__WHAT YOU SHOULD DO__
Retype only what runs from the first line of the listing to the line holding "৫ মার্চ, শনিবার", both included. Do not retype the pictures.

################

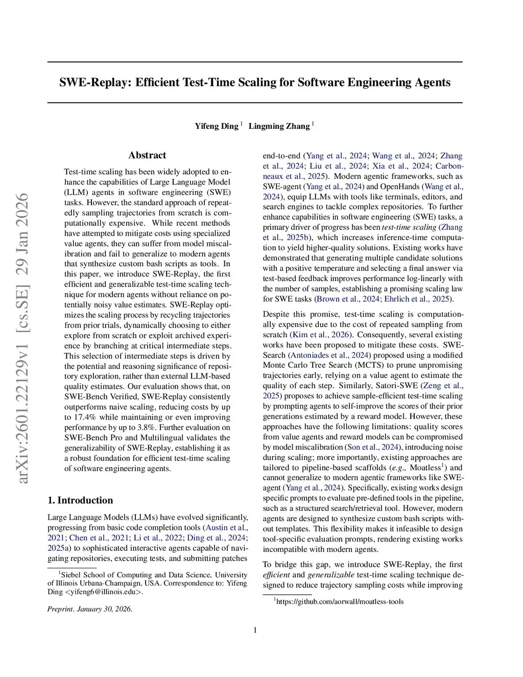 SWE-Replay: Efficient Test-Time Scaling for Software Engineering Agents
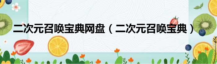 大家好,小东方来为大家解答以上的问题。二次元召唤宝典网盘,二次元召唤宝典这个很多人还不知道,现在让我们一起来看看吧!
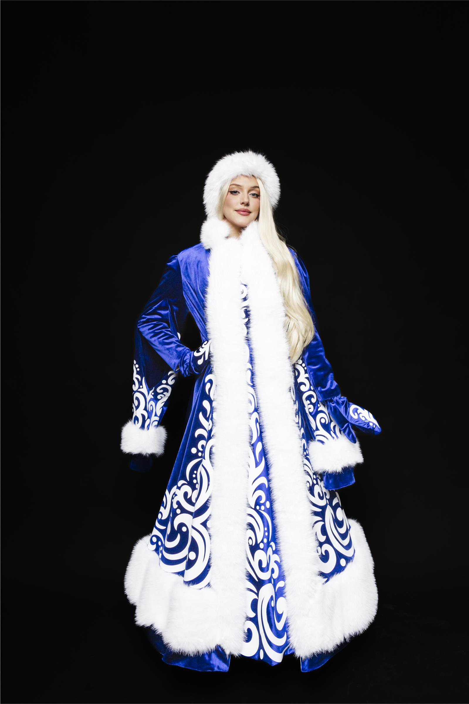 Детали: Костюм выполнен из материалов высокого качества: синего бархата (основная ткань), белого пушистого мягкого меха (материалы сохраняют отличный внешний вид даже при интенсивной эксплуатации и после чистки). В комплектность костюма входит: платье с отрезной талией, сзади застегивается на потайную молнию. Шубка распашная с длинным отлетным рукавом. Костюм на подкладе. На всем костюме нанесен белый узор, с напылением. В комплект входят: шуба, шапка, варежки, платье. Дополнительно рекомендуем приобрести – косу, кокошник. На последних фото размещена Снегурочка в кокошнике и в паре с подходящим костюмом Деда Мороза. Размеры 42, 44, 46, 48, 50. Фото не подвергались какой-либо обработке в графических редакторах, товары, изображенные на фото, соответствуют действительности.
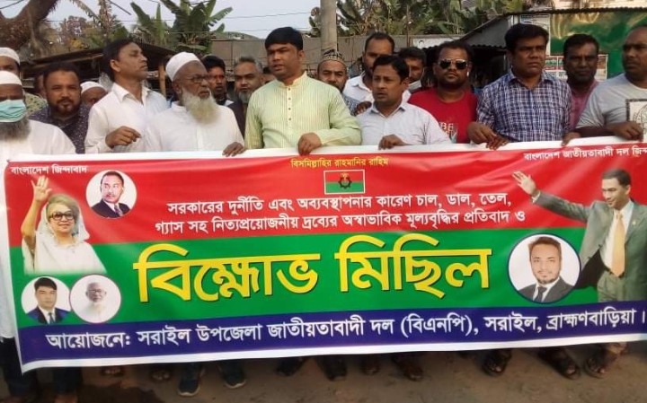 ৫ মার্চ, শনিবার বিকালে সরাইল উপজেলার সদর ইউনিয়নের উচালিয়াপাড়া মোড় এলাকায় উপজেলা বিএনপির আয়োজনে এ বিক্ষোভ সমাবেশ অনুষ্ঠিত হয়।
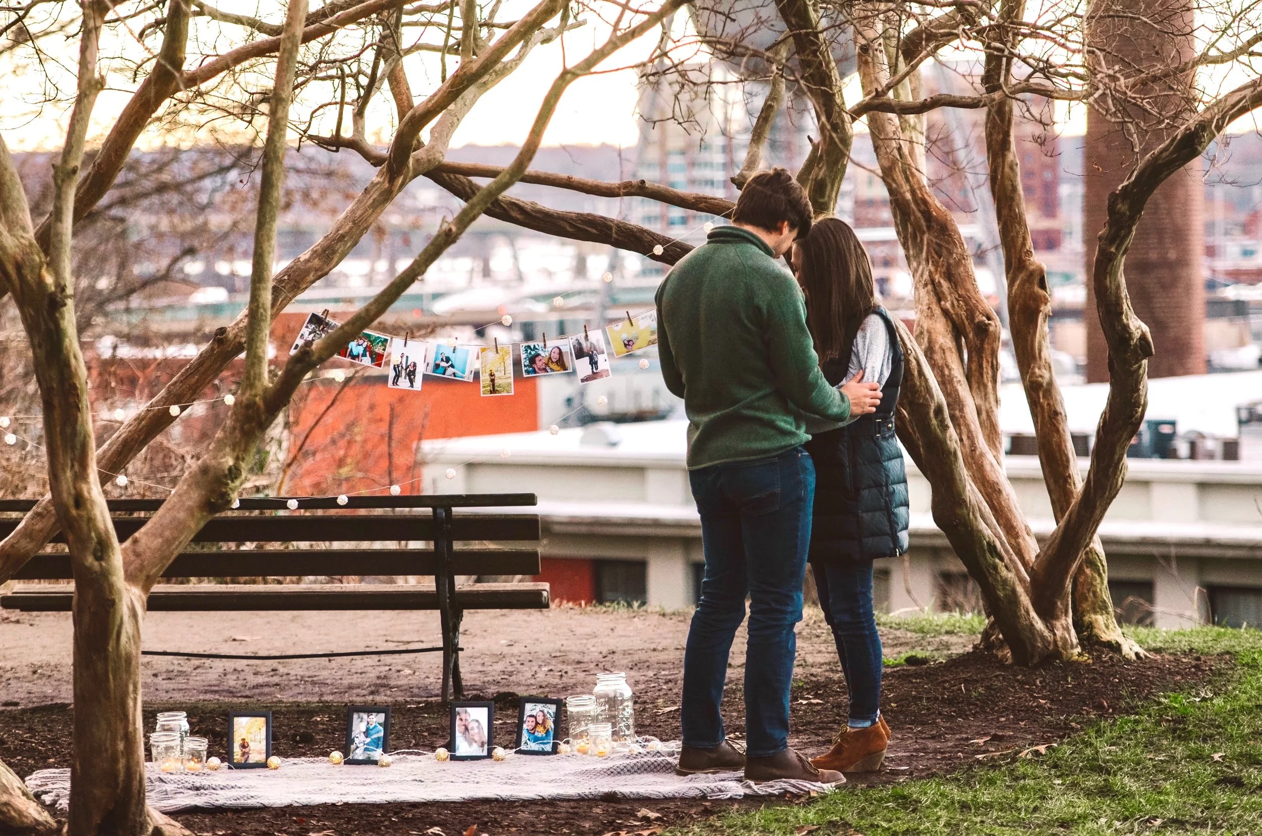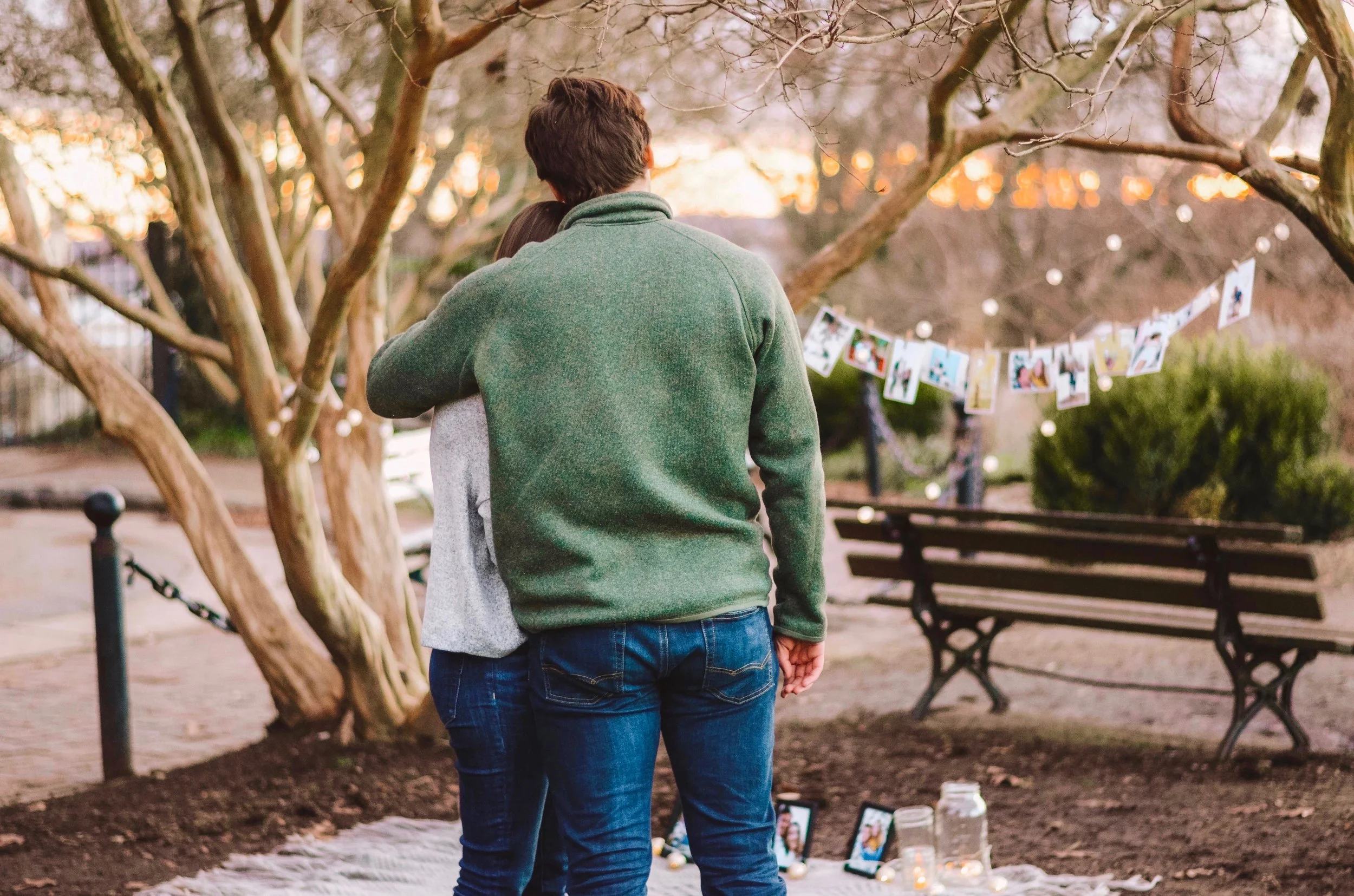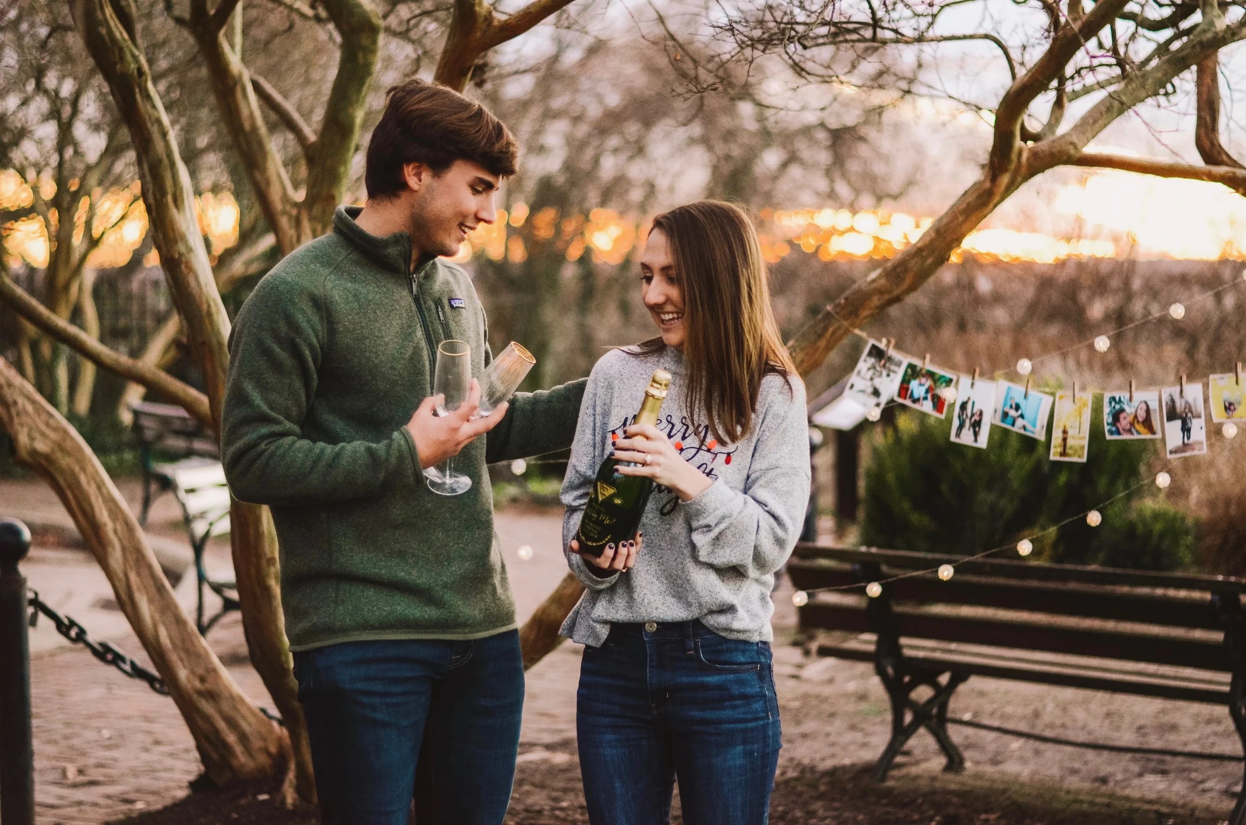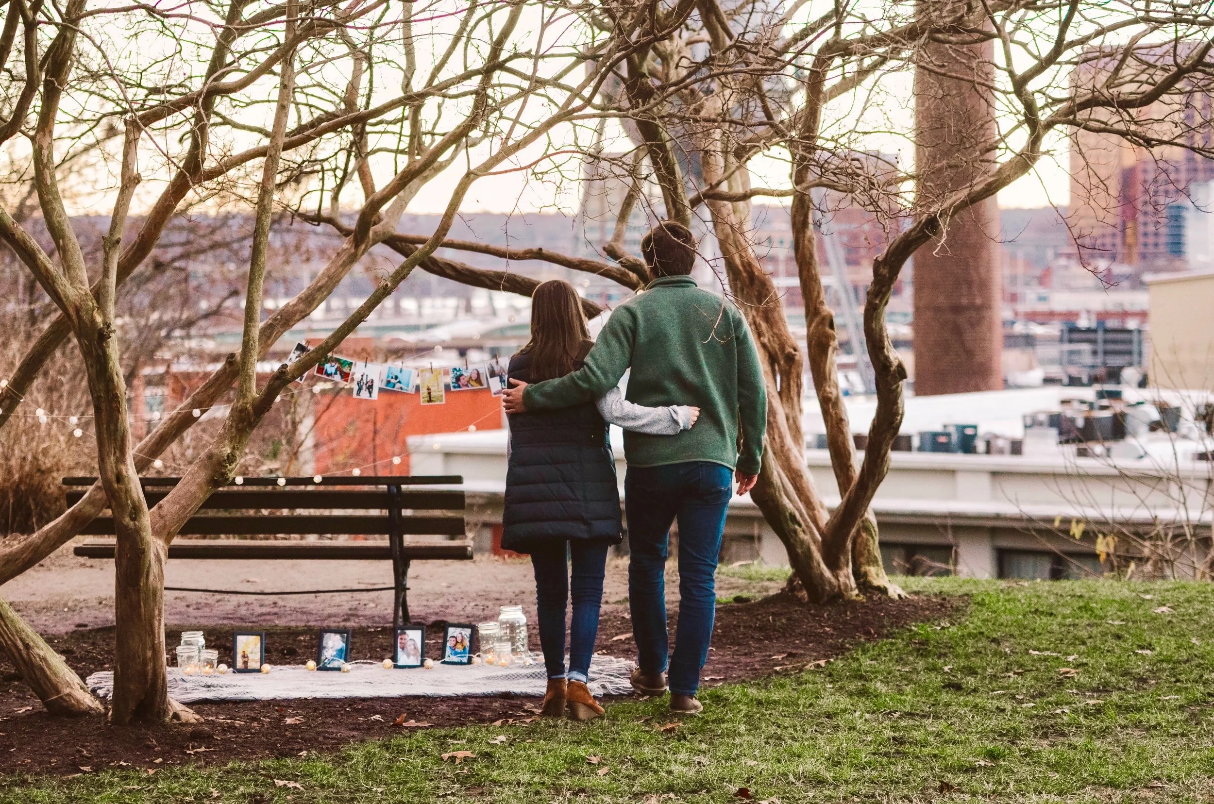 Austin and I drove up to Richmond, VA for the day where he would eventually propose to his soulmate. Emily was already there visiting her friend, Erica, and had no idea that the proposal would be happening… or that Austin was even in the same city as her! P.S. Erica is the real MVP for helping us make this happen!! Austin chose the Church Hill Overlook as the spot for the magic to happen. It was secluded, romantic, and had a gorgeous view overlooking Richmond. The sun was beginning to set, which filled the sky with so many dreamy colors. Talk about a perfect winter evening at the most amazing spot!

################

__TASK RESPONSE__
 SWE-Replay: Efficient Test-Time Scaling for Software Engineering Agents
 大家好,小东方来为大家解答以上的问题。二次元召唤宝典网盘,二次元召唤宝典这个很多人还不知道,现在让我们一起来看看吧!
 Детали: Костюм выполнен из материалов высокого качества: синего бархата (основная ткань), белого пушистого мягкого меха (материалы сохраняют отличный внешний вид даже при интенсивной эксплуатации и после чистки). В комплектность костюма входит: платье с отрезной талией, сзади застегивается на потайную молнию. Шубка распашная с длинным отлетным рукавом. Костюм на подкладе. На всем костюме нанесен белый узор, с напылением. В комплект входят: шуба, шапка, варежки, платье. Дополнительно рекомендуем приобрести – косу, кокошник. На последних фото размещена Снегурочка в кокошнике и в паре с подходящим костюмом Деда Мороза. Размеры 42, 44, 46, 48, 50. Фото не подвергались какой-либо обработке в графических редакторах, товары, изображенные на фото, соответствуют действительности.
 ৫ মার্চ, শনিবার বিকালে সরাইল উপজেলার সদর ইউনিয়নের উচালিয়াপাড়া মোড় এলাকায় উপজেলা বিএনপির আয়োজনে এ বিক্ষোভ সমাবেশ অনুষ্ঠিত হয়।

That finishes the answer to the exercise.